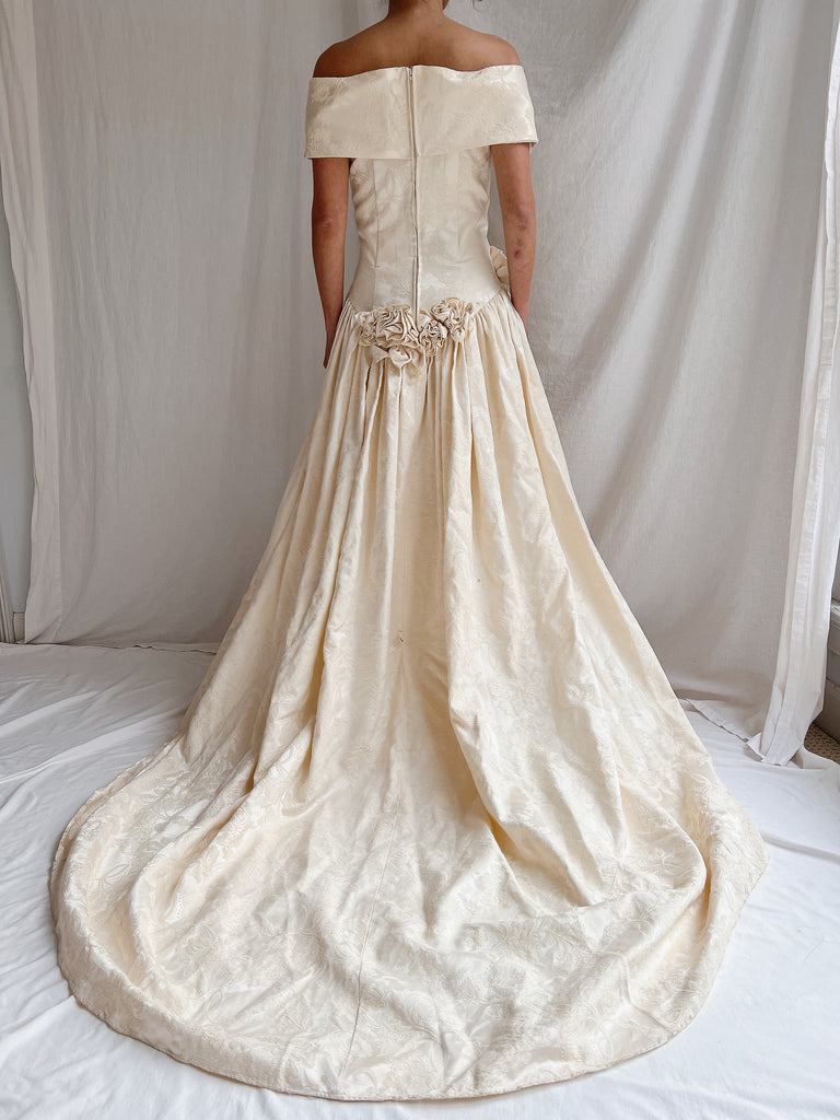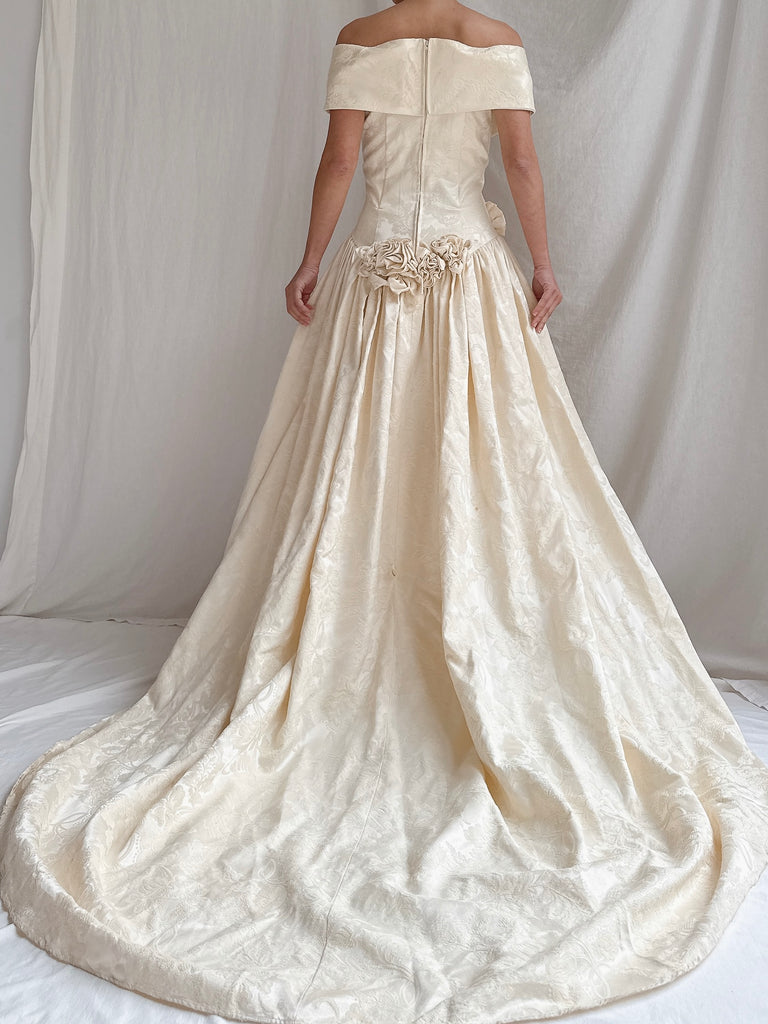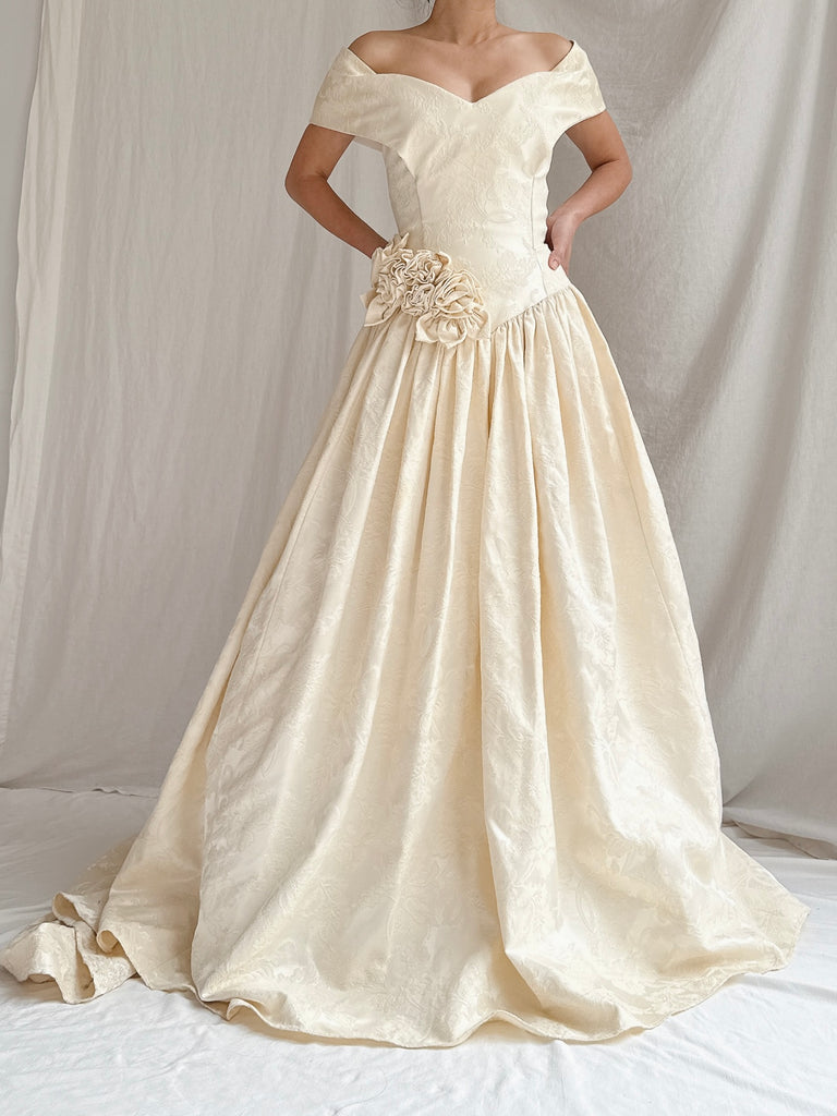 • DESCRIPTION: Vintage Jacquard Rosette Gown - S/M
---
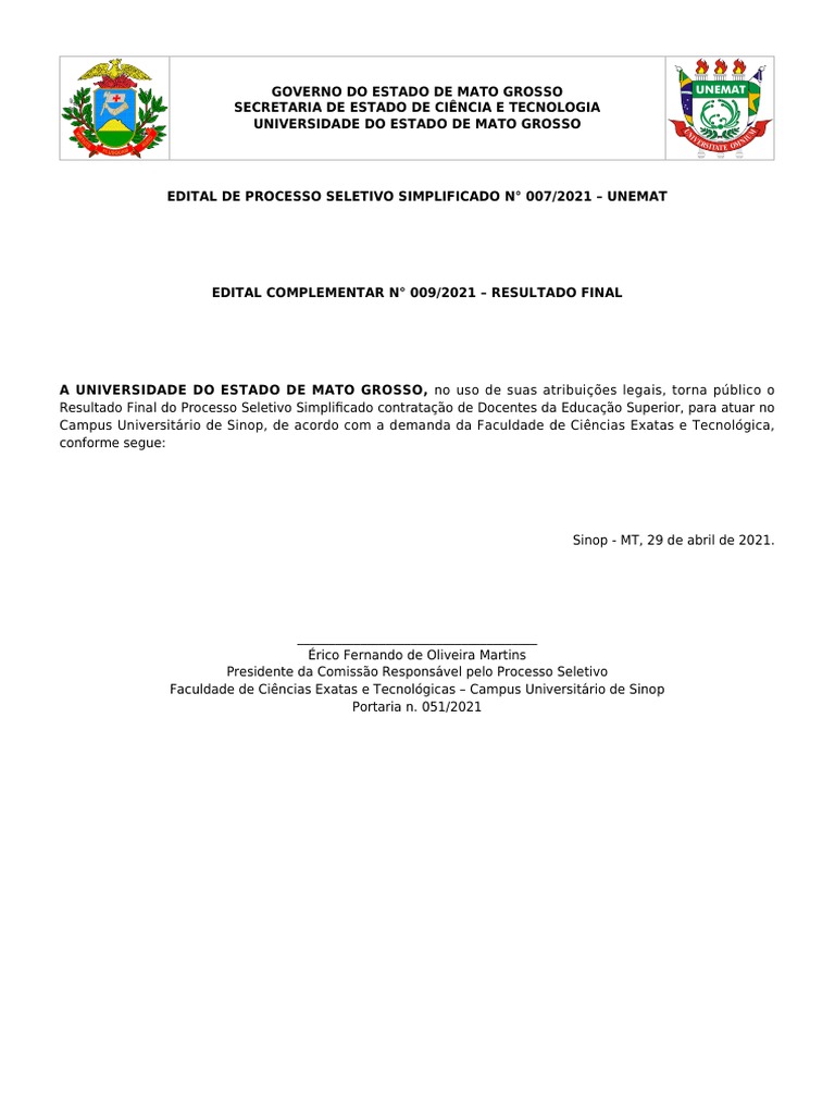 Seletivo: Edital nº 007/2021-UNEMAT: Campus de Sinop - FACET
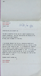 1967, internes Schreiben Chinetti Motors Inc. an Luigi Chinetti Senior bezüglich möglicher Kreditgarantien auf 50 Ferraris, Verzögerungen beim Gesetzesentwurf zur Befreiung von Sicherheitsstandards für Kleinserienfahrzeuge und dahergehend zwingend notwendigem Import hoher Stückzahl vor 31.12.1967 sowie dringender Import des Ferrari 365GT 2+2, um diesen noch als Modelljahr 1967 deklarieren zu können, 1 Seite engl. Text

The problem
Using the entries above, write out exactly the lines from the one with "Seletivo: Edital nº" through the one with "1967, internes Schreiben", ends included. Leave out any pictures.

Completed exercise
 Seletivo: Edital nº 007/2021-UNEMAT: Campus de Sinop - FACET
 1967, internes Schreiben Chinetti Motors Inc. an Luigi Chinetti Senior bezüglich möglicher Kreditgarantien auf 50 Ferraris, Verzögerungen beim Gesetzesentwurf zur Befreiung von Sicherheitsstandards für Kleinserienfahrzeuge und dahergehend zwingend notwendigem Import hoher Stückzahl vor 31.12.1967 sowie dringender Import des Ferrari 365GT 2+2, um diesen noch als Modelljahr 1967 deklarieren zu können, 1 Seite engl. Text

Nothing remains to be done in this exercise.